In this website, you can find all what you need to know about PyXAI, with more than 10 Jupyter Notebooks, including:
- The installation guide and the quick start
- About obtaining models:
- How to prepare and clean a dataset using the PyXAI preprocessor object?
- How to import a model, whatever its format? Importing Models
- How to generate a model using a ML cross-validation method? Generating Models
- How to build a model from trees directly built by the user? Building Models
- How to save and load models with the PyXAI learning module? Saving/Loading Models
- About obtaining explanations:
- The concepts of the PyXAI explainer module: Concepts
- How to use a time limit? Time Limit
- The PyXAI library offers the possibility to process user preferences (prefer some explanations to others or exclude some features): Preferences
- Theories are knowledge about the dataset. PyXAI offers the possibility of encoding a theory when calculating explanations in order to avoid calculating impossible explanations: Theories
- How to compute explanations for classification tasks? Explaining Classification
- How to compute explanations for regression tasks? Explaining Regression
- How to use the PyXAI's Graphical User Interface (GUI) for visualizing explanations?
Here is an example (it comes from the Quick Start page):
from pyxai import Learning, Explainer
learner = Learning.Scikitlearn("tests/iris.csv", learner_type=Learning.CLASSIFICATION)
model = learner.evaluate(method=Learning.HOLD_OUT, output=Learning.DT)

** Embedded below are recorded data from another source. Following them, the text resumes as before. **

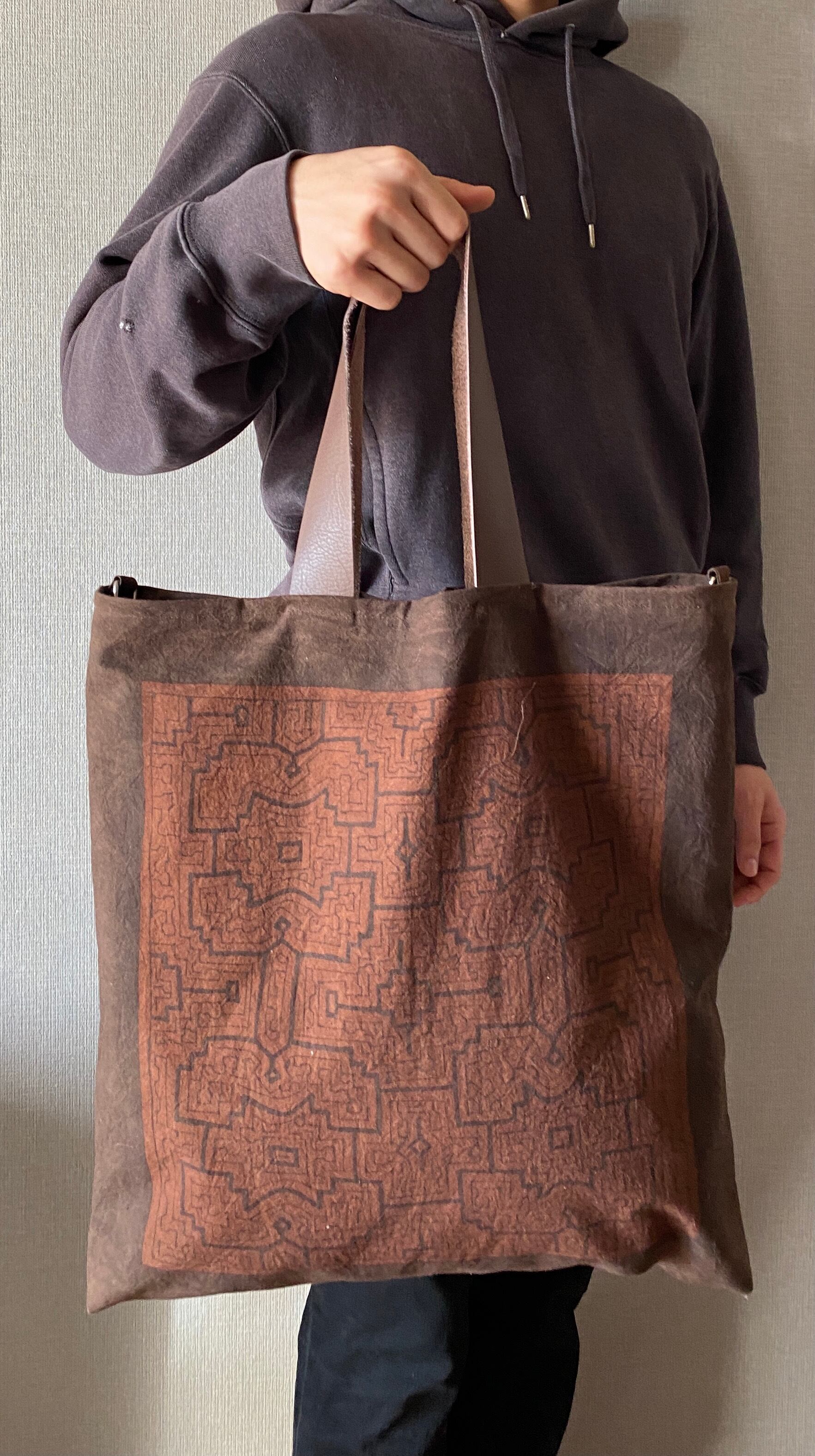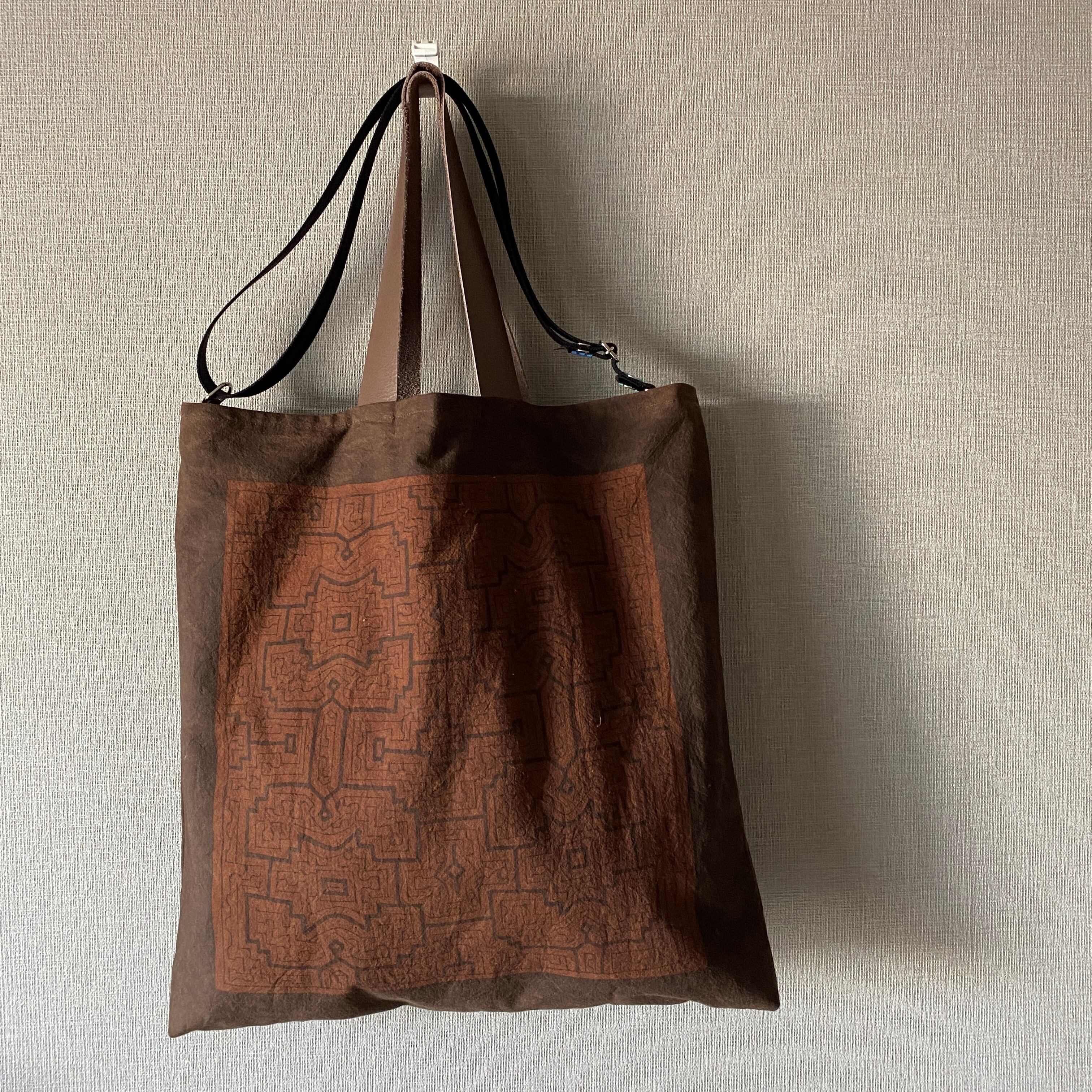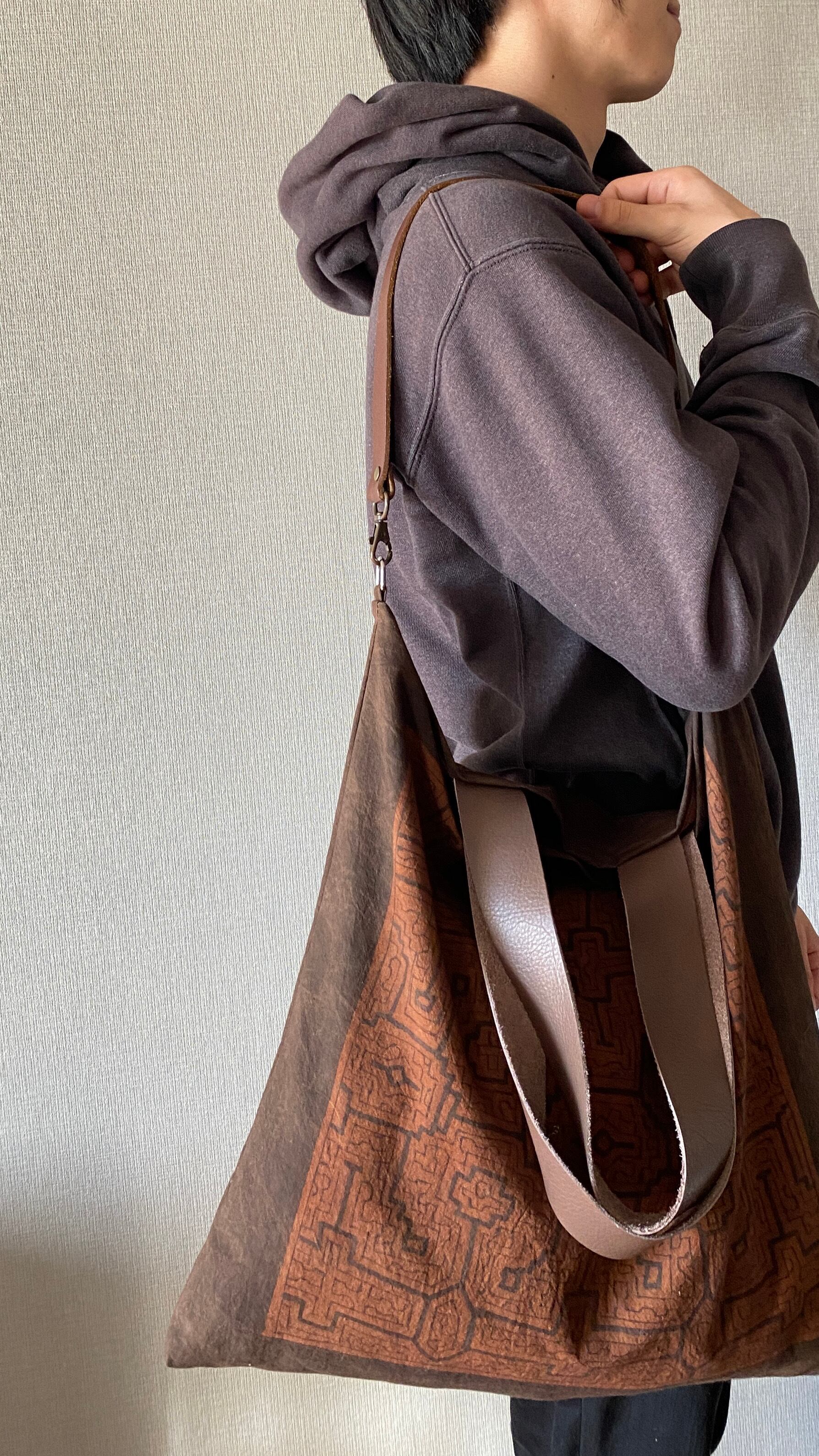 ショルダーは黒地コットンテープ細めで長さ調整できる斜めがけ用か、革の市販ショルダーかのどちらか選べます。
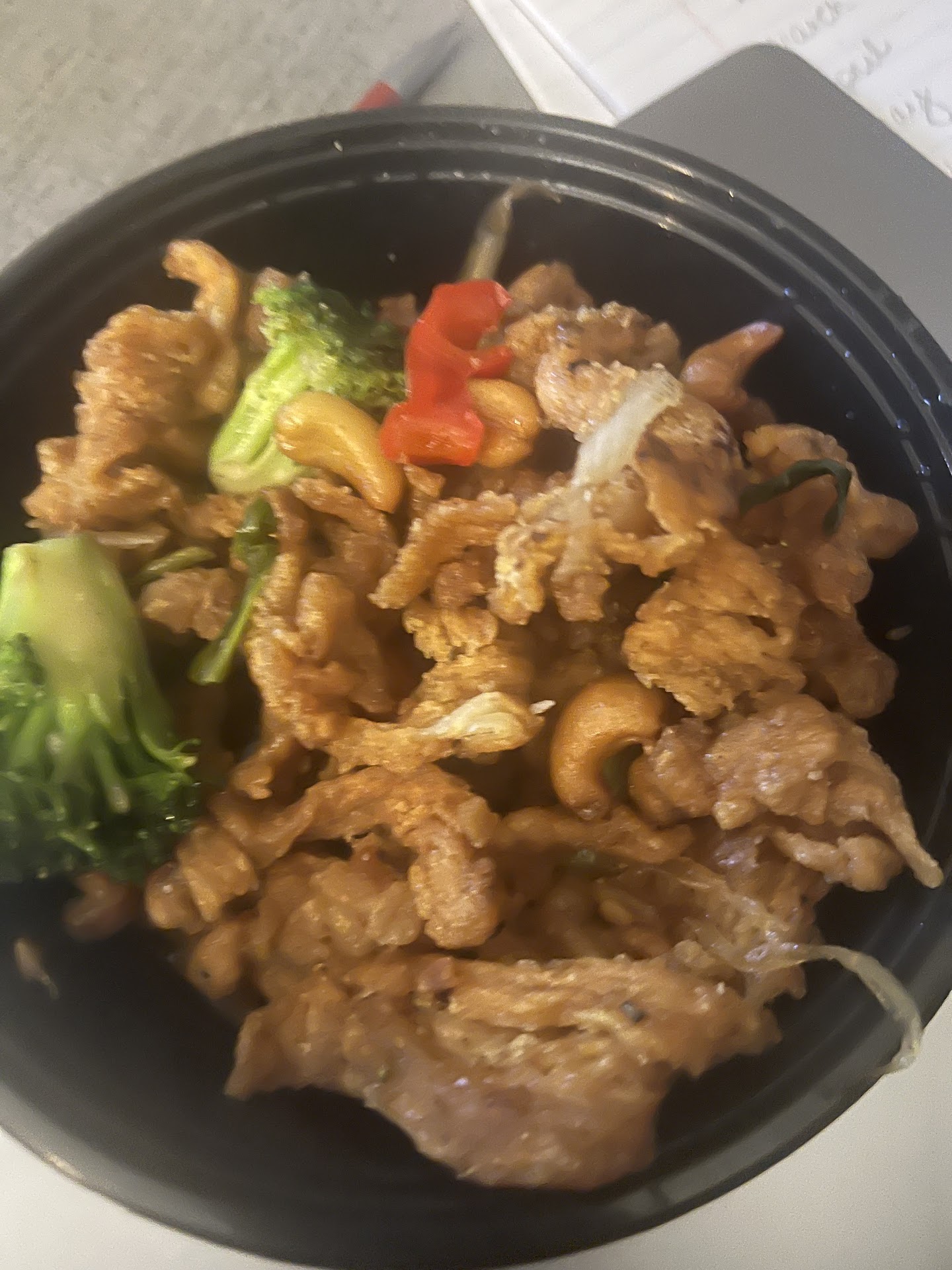 I called the restaurant and spoke to a man who picked up the phone who told me that what I described was in fact how cashew chicken was made. I’ve had cashew chicken before at the restaurant and others and I’m offended that instead of acknowledging that I was given a meal of bad poor quality, I was told that crunchy chicken skin fried hard is what cashew chicken should be. I was offered no refund or credit but told that I should ask for it in the future to have more sauce ..I refused to eat is because crunchy fried pieces of chicken skin is NOT cashew chicken .. what I did taste was disgusting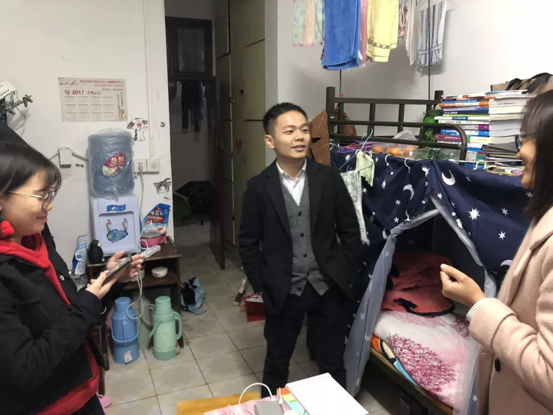 4、本周二徐老师前往商英1801男生寝室检查卫生及大功率电器情况,符合学院相关规定,提出表扬;同时与同学们进行了交流,了解学习生活思想等动态,鼓励他们坚持不懈,搞好早锻炼、精读活动,主意防寒保暖,身体是革命的本钱。(供稿人:徐尚思)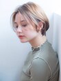 ポイントはカラーで,メリハリを出すために内側のもみあげ~襟足は暗めに、表面にはたっぷりハイライトを入れて立体的な仕上がりに。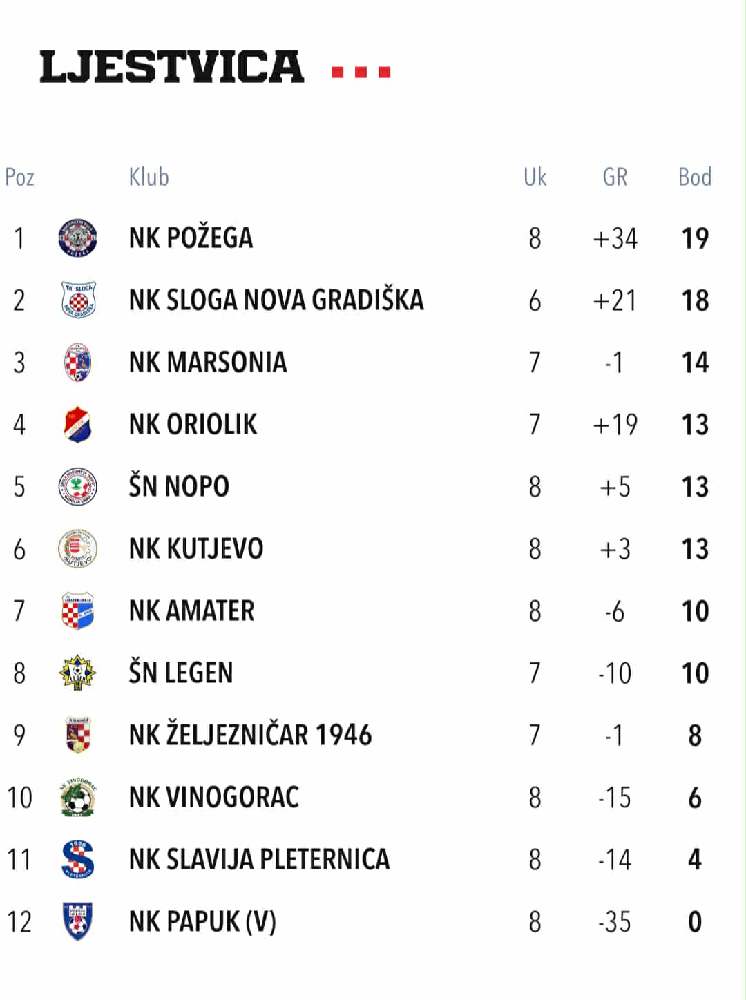 Požega je u ovom rangu trenutno na 1. mjestu sa 19 bodova (6 pobjeda, 1 remi, 1 poraz) i razlikom pogodaka 40:6. Na drugom mjestu je Sloga (Nova Gradiška) sa 18 bodova (6 pobjeda) i dvije utakmice manje. Upravo ove dvije najkvalitetnije ekipe igraju međusobno u narednom, 9. kolu. Igrači trenera Milana Krmara ugostit će Slogu u nedjelju, 02. 11. 2025. s početkom u 10,00 sati na igralištu NK Požega.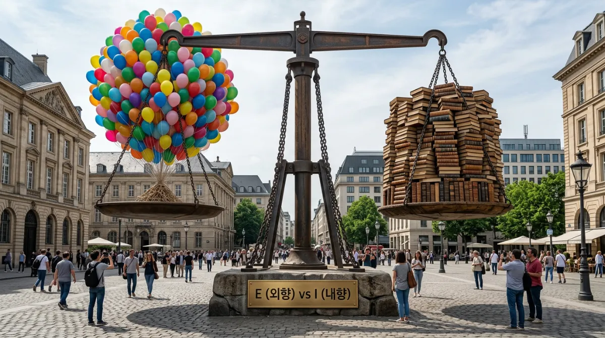 | 에너지 방향 | E (외향): 외부 활동을 통해 충전 | I (내향): 혼자만의 시간을 통해 충전 |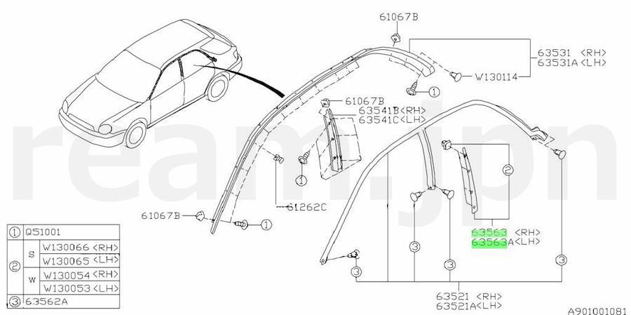 スバル純正 インプレッサ STi WRX GD GG Bピラーカバー センターピラー ガーニッシュ 左右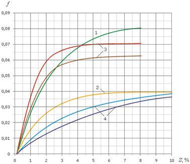 Рис. 3. Зависимость коэффициентов трения f от скольжения S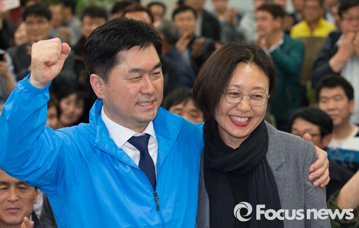 (논산=포커스뉴스) 제20대 충남 논산계룡금산 국회의원에 당선된 김종민 더불어민주당 당선인이 14일 논산 선거사무실에서 부인 홍윤정 여사와 포옹을 하며 파이팅을 하고 있다.
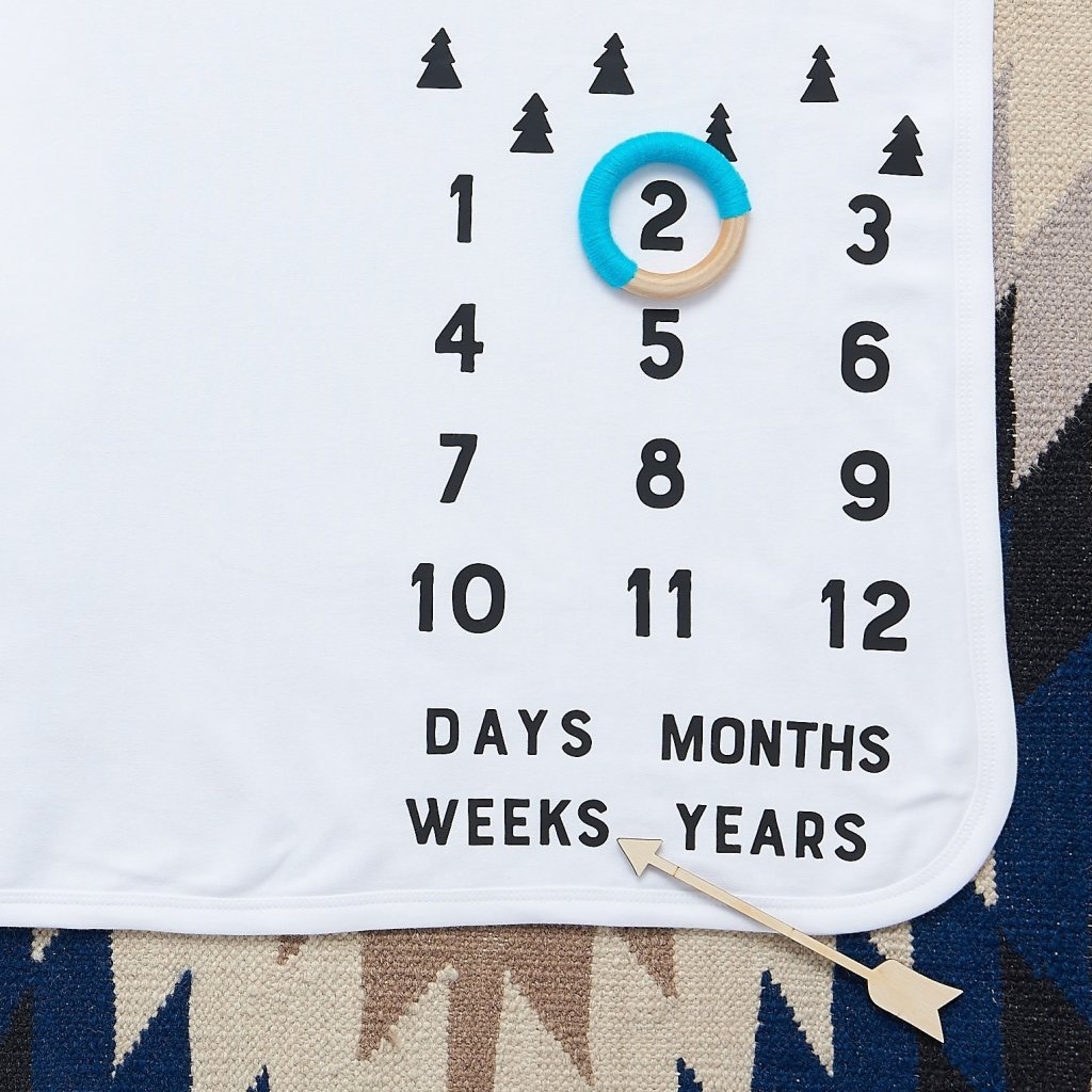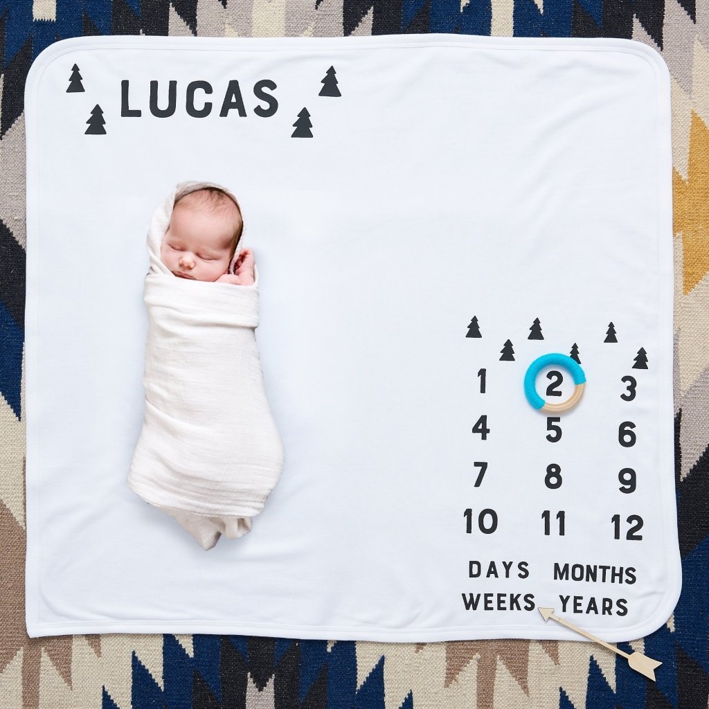 Our beautiful scandi trees baby milestone blanket can be personalised with your choice of name & colour to capture those special early years. A great present for new parents or for your new baby, our milestone blanket helps capture special moments when time seems to fly by.

instance, prediction = learner.get_instances(model, n=1, correct=True, predictions=[0])
explainer = Explainer.initialize(model, instance)
print("instance:", instance)
print("binary representation:", explainer.binary_representation)
sufficient_reason = explainer.sufficient_reason(n=1)
print("sufficient_reason:", sufficient_reason)
print("to_features:", explainer.to_features(sufficient_reason))
instance, prediction = learner.get_instances(model, n=1, correct=False)
explainer.set_instance(instance)
contrastive_reason = explainer.contrastive_reason()
print("contrastive reason", contrastive_reason)
print("to_features:", explainer.to_features(contrastive_reason, contrastive=True))
explainer.open_GUI()
As illustrated by this example, with a few lines of code, PyXAI allows you to train a model, extract instances, and get explanations about the classifications made.